■ **Work instruction**:
Once the line containing "Все эти астильбы" is found in the entries below, reproduce it and every line after it, stopping at and including the line containing "Flowercrown Neala ist"; reproduce nothing else, and keep each line exact.

■ **Material shown**:

Segment Open

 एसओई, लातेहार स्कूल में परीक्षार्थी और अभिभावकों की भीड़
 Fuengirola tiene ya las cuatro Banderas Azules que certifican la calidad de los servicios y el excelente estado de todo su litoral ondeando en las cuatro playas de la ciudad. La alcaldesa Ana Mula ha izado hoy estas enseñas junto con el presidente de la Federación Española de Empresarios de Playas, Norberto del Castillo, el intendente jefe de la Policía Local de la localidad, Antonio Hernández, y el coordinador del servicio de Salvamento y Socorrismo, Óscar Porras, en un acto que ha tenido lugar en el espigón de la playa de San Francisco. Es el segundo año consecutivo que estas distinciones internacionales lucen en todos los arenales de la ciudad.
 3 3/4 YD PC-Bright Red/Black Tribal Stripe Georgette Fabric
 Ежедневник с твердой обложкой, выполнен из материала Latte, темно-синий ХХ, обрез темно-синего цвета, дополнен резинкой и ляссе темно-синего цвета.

Segment Closed
Segment Open

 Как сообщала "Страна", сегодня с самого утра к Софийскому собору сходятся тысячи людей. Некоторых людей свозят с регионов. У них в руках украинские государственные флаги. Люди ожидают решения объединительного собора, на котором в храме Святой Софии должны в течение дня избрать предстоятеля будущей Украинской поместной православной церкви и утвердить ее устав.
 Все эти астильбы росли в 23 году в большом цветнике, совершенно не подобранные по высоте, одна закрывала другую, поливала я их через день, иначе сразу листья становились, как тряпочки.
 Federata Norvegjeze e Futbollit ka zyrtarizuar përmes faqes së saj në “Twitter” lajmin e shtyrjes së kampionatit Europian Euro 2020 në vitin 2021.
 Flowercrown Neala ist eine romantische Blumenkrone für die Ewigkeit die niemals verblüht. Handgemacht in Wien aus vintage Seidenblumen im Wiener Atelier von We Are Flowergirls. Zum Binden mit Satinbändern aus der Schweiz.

Segment Closed
Segment Open

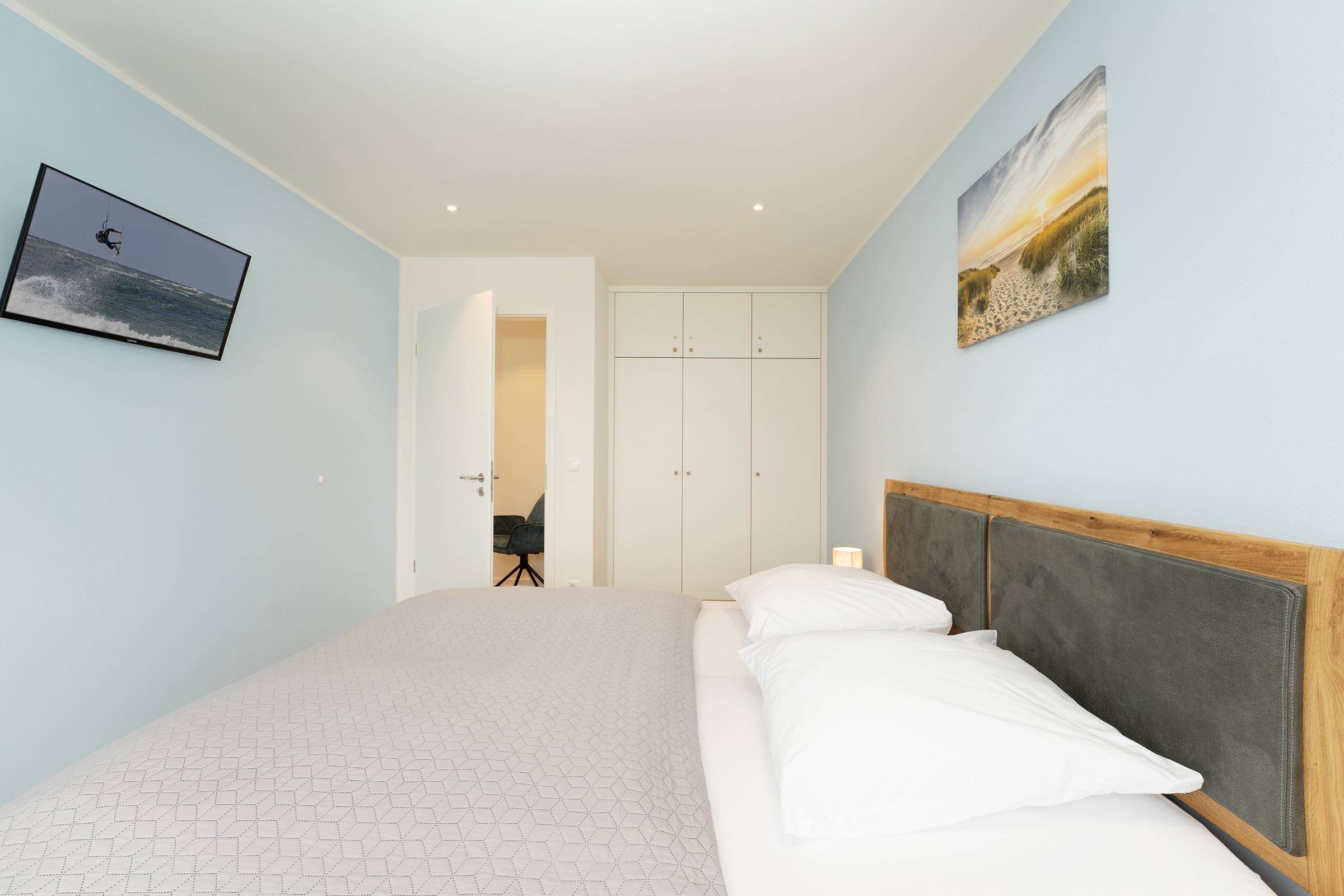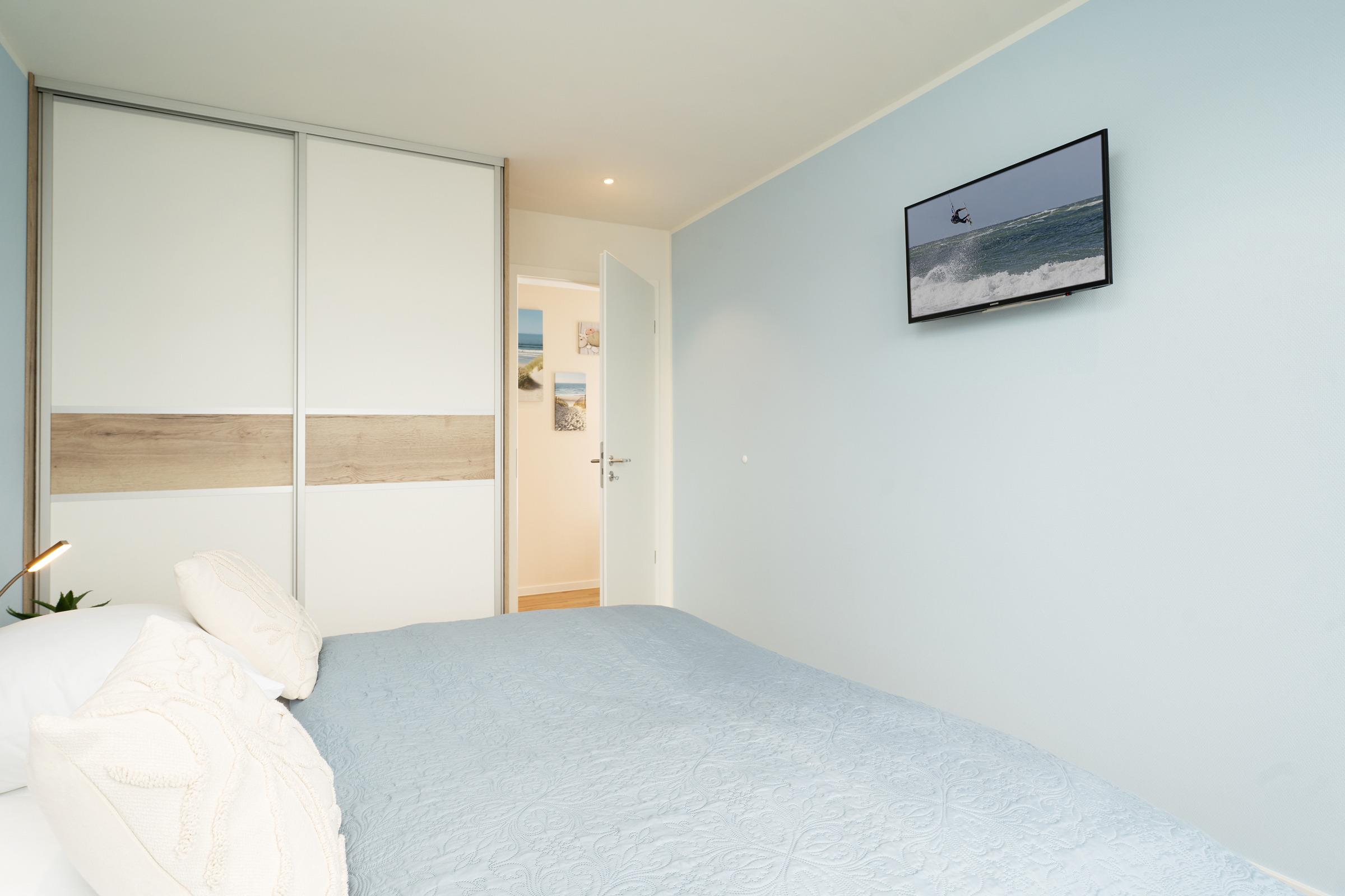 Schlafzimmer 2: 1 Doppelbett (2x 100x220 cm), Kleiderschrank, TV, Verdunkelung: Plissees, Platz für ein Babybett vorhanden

Segment Closed

■ **Solution to the exercise**:
 Все эти астильбы росли в 23 году в большом цветнике, совершенно не подобранные по высоте, одна закрывала другую, поливала я их через день, иначе сразу листья становились, как тряпочки.
 Federata Norvegjeze e Futbollit ka zyrtarizuar përmes faqes së saj në “Twitter” lajmin e shtyrjes së kampionatit Europian Euro 2020 në vitin 2021.
 Flowercrown Neala ist eine romantische Blumenkrone für die Ewigkeit die niemals verblüht. Handgemacht in Wien aus vintage Seidenblumen im Wiener Atelier von We Are Flowergirls. Zum Binden mit Satinbändern aus der Schweiz.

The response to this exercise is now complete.